ALKBH5 is expressed in mouse spermatogenic cells, Leydig cells, and Sertoli cells [24]. In this study, we confirmed that ALKBH5 was expressed in mouse testicular Sertoli cells. Meanwhile, we also determined that the expression pattern of ALKBH5 in human testis was similar to that in mouse testis. It has been reported that ALKBH5 in the testis regulates RNA metabolism. In spermatogenic cells, ALKBH5 is involved mainly in regulating the alternative splicing of mRNA and circular RNA [4, 5]. In Leydig cells, ALKBH5 also participates in regulating mRNA stability [8]. In this study, we found that, in Sertoli cells, ALKBH5 promoted Cdh2 translation. N-cadherin is known to be an important protein for BTB via basal endoplasmic specialization. Cumulative studies have shown that the downregulation of N-cadherin is one of the important reasons for the destruction of BTB integrity [25,26,27,28]. In our study, we found that knocking down Alkbh5 increased N-cadherin expression and that basal endoplasmic specialization was disrupted in Alkbh5-KO mice. It is known that gene expression in cells is under precise regulation, and the imbalance would cause functional disruptions. Therefore, we thought that ALKBH5 can enhance BTB integrity by inhibiting the overexpression of N-cadherin. Finally, we found that IGF2BP1, IGF2BP2, and IGF2BP3 bound to Cdh2 mRNA and regulated its translation.

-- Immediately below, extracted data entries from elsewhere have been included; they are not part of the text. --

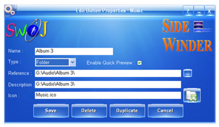 Click the Duplicate button to make a duplicate of the current launch Button contents, and to edit them easily as a new Button. Until you press the Save button nothing will be done to the Category and if you press Save, then the new Button will appear as the last launch Button in that Category Slot.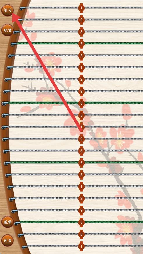 1、打开古筝教学App,点击界面左上角的练习按钮。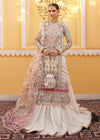 Experience the majestic 'Venice' outfit, a stunning long shirt in soft off-white shade. The long shirt features intricate floral embroidery in pink and peach hues on organza fabric, adding a touch of whimsy and romance. It is adorned with handwork of crystals and stones, carefully composed into patterns that shimmer and shine. The outfit is paired with a printed organza dupatta with embroidered borders on both sides, adding a touch of drama. The flowy lehenga completes the look, creating a flowing, ethereal effect that's perfect for special occasions. Get ready to make a statement with the 'Venice' outfit, a true masterpiece of craftsmanship and design."

It has been shown that IGF2BP1, IGF2BP2, and IGF2BP3 promote the translation of target genes [29, 30]. In addition, some studies have shown that there is a synergistic effect between different m6A binding proteins to regulate RNA metabolism [30, 31]. In this study, we found an interaction between IGF2BP1, IGF2BP2, and IGF2BP3 proteins. Therefore, it is thought that IGF2BP1, IGF2BP2, and IGF2BP3 cooperate to promote Cdh2 mRNA translation. However, in this study, we found that YTHDF1 also bound to Cdh2 mRNA, and knockdown of Ythdf1 also led to decreased N-cadherin expression. Cumulative studies have shown that YTHDF1 is responsible for the translation of target genes via m6A [32,33,34,35]. Therefore, we speculated that both the IGF2BP1/2/3 complex and YTHDF1 in Sertoli cells are involved in the regulation of Cdh2 mRNA translation. However, more experiments are needed to clarify the mechanism by which the above m6A regulators promote translation.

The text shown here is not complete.